More than anything, I’ve felt the weight of my privilege. Because I got to choose, this week, whether or not I joined the discussion. I got to choose to be involved. I could have stuck with planning my next trip, pinning fairy-tale images of Barcelona.

What I realized is that, not only do I carry the privilege of my skin color and my nationality, I carry the privilege of education, and of access – I carry the privilege of travel. I have had the opportunity to visit far-flung places, to meet people, and to encounter things that the vast majority of people never have or will. Regardless of your skin color or your nationality, the experience of travel puts you into a position of privilege.

This is privilege that I need to own, so that I can carry it responsibly.  This privilege brings with it a choice – how will I carry it? It can’t be gotten rid of, nor should it be.  But it should be wielded wisely.

A few thoughts on what that looks like:

Owning my privilege means treating the people I meet and the places I see and the cultures I experience with dignity and respect. Travel is wonderful, but traveling turns selfish when we treat it like visiting a theme park – a purely commercial experience to be consumed for our own entertainment. Traveling brings us into contact with other human beings who have stories, and lives, and cultures – and, regardless of your religion or philosophy, human beings are fundamentally worthy of dignity and respect, even if you don’t understand them or agree with their ideas.
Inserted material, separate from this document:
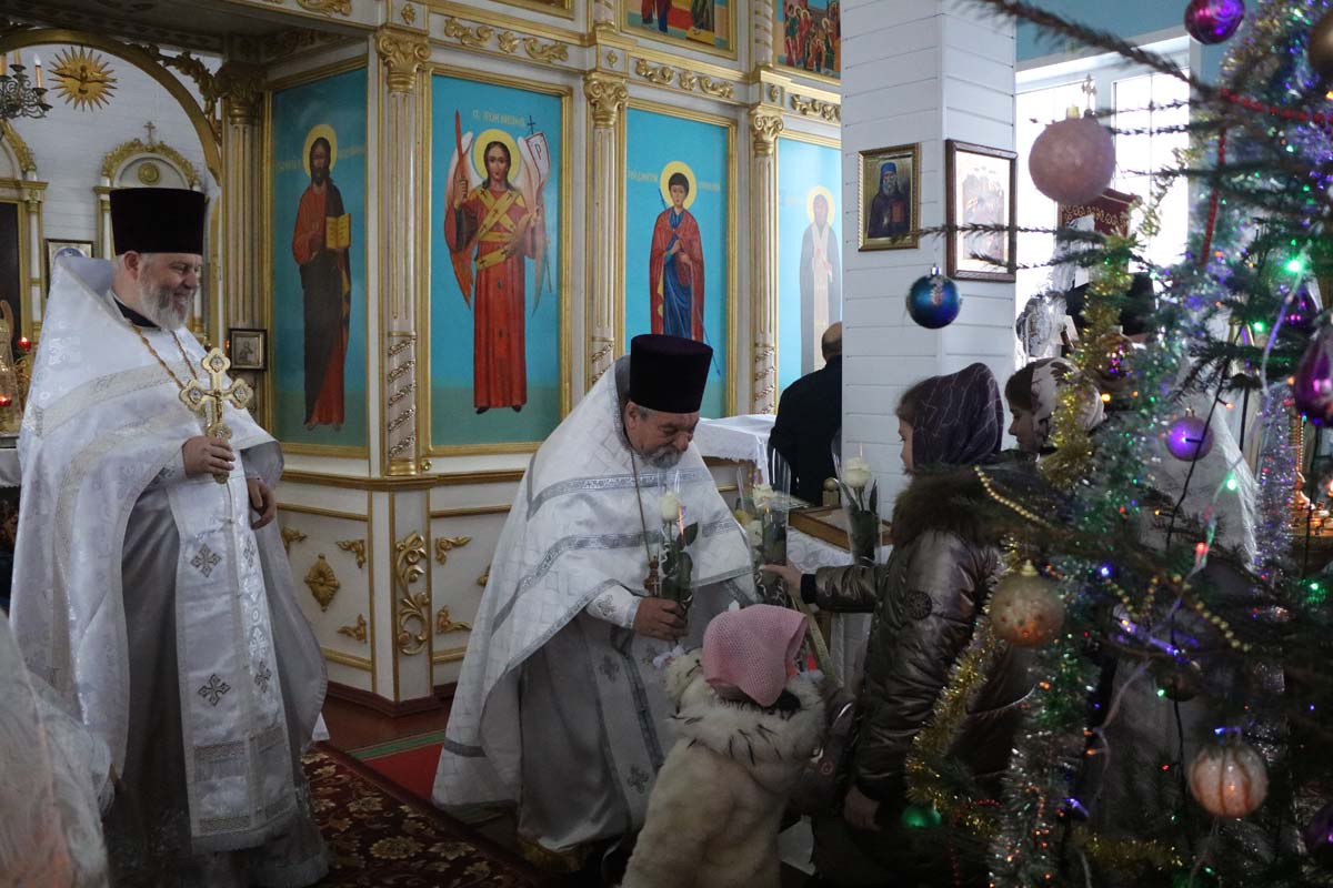 13 января 2024 года в день Отдания праздника Рождества Христова, секретарь Брестского епархиального управления, благочинный церквей Жабинковского округа протоиерей Сергий Петрусевич в сослужение настоятеля храма святого великомученика Дмитрия Солунского в д. Рогозно протоиерея Владимира Алексеева, настоятеля храма святителя Николая Чудотворца в д. Озяты священника Вадима Литвинюка, настоятеля храма Покрова Пресвятой Богородицы в д. Орепичи священника Василия Ищенко, настоятеля храма Успения Пресвятой Богородицы в д. Бульково священника Петра Дударчука, клирика храма Покрова Пресвятой Богородицы в г.Жабинка священника Максима Волка, настоятеля храма святого Архангела Михаила в аг. Степанки священника Георгия Залевского, настоятеля храма святого великомученика Никиты в г. Жабинка священника Михаила Колодяжного совершил Божественную литургию в храме святого великомученика Димитрия Солунского в д. Рогозно Жабинковского района. За богослужением была вознесена молитва о восстановлении мира. По окончании Божественной литургии храма протоиерей Владимир Алексеев совершил благодарственный молебен. В завершение богослужения благочинный обратился к молящимся со словом назидания, также от лица духовенства поздравил протоиерея Владимира Алексеева с 70-летием со дня рождения и преподнес букет цветов.
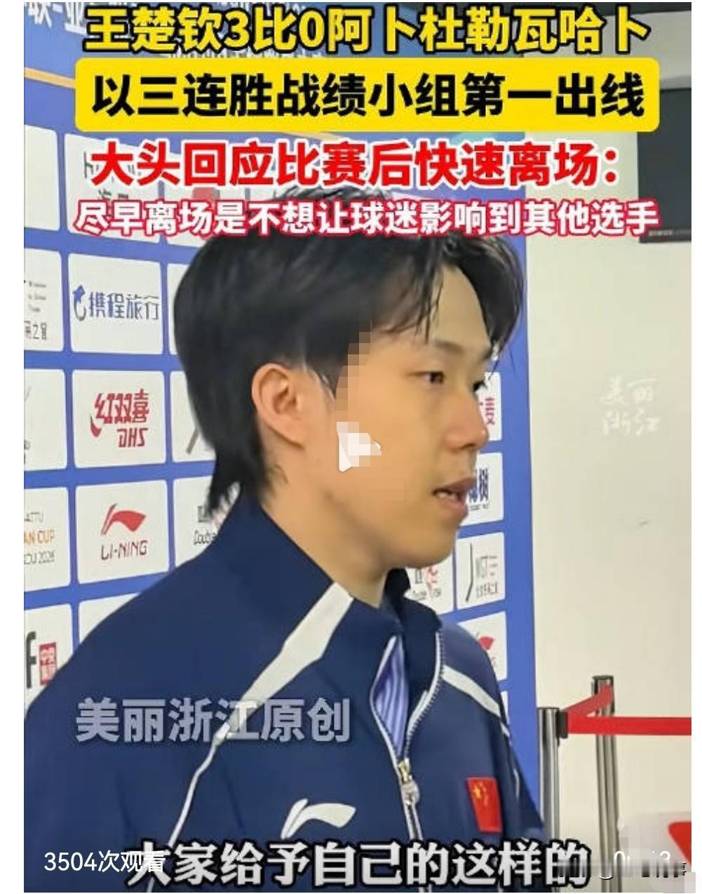 王楚钦还挺暖心的。中国乒乓球迷对乒乓球运动员那是很大力支持的,经常比赛场馆里面响彻着震耳欲聋的加油声音。 但是这种过度的热情往往会让某些运动员压力山大。 王楚钦就有这方面的困扰。 2月6日海南海口亚洲杯现场,大家山呼海啸的为王楚钦加油! 赢下比赛的王楚钦快速离场,他回应称尽早离场,是不想让球迷影响到其他选手。 从这一点来看,他确实很暖心啊。

Even when they make you mad. Even when you’re infuriated at the waiter’s apparent lack of helpfulness. Even when you’re offended at their racial insensitivity. Even when they disparage your country. Even when you’re tired and hungry and can’t find the right metro stop for the life of you and you can’t handle another gaggle of kids asking you for money.

Owning my privilege means intentionally growing in empathy.
When we travel, we have the awesome privilege of stepping into another person’s world.  We have the opportunity to confront something radically different from what we see on a daily basis, and we can choose to seek to understand it. We get the chance to see, taste, and feel another kind of life, and we get to extend our imaginations to think what it might be like to live it. It doesn’t mean that we have to agree with or approve of what we encounter, or the decisions that are made by the people we meet, but it does mean that we can understand them more fully. This is more than tolerance (which is a tepid value) – it’s growing our ability to love beyond the bounds of culture and upbringing.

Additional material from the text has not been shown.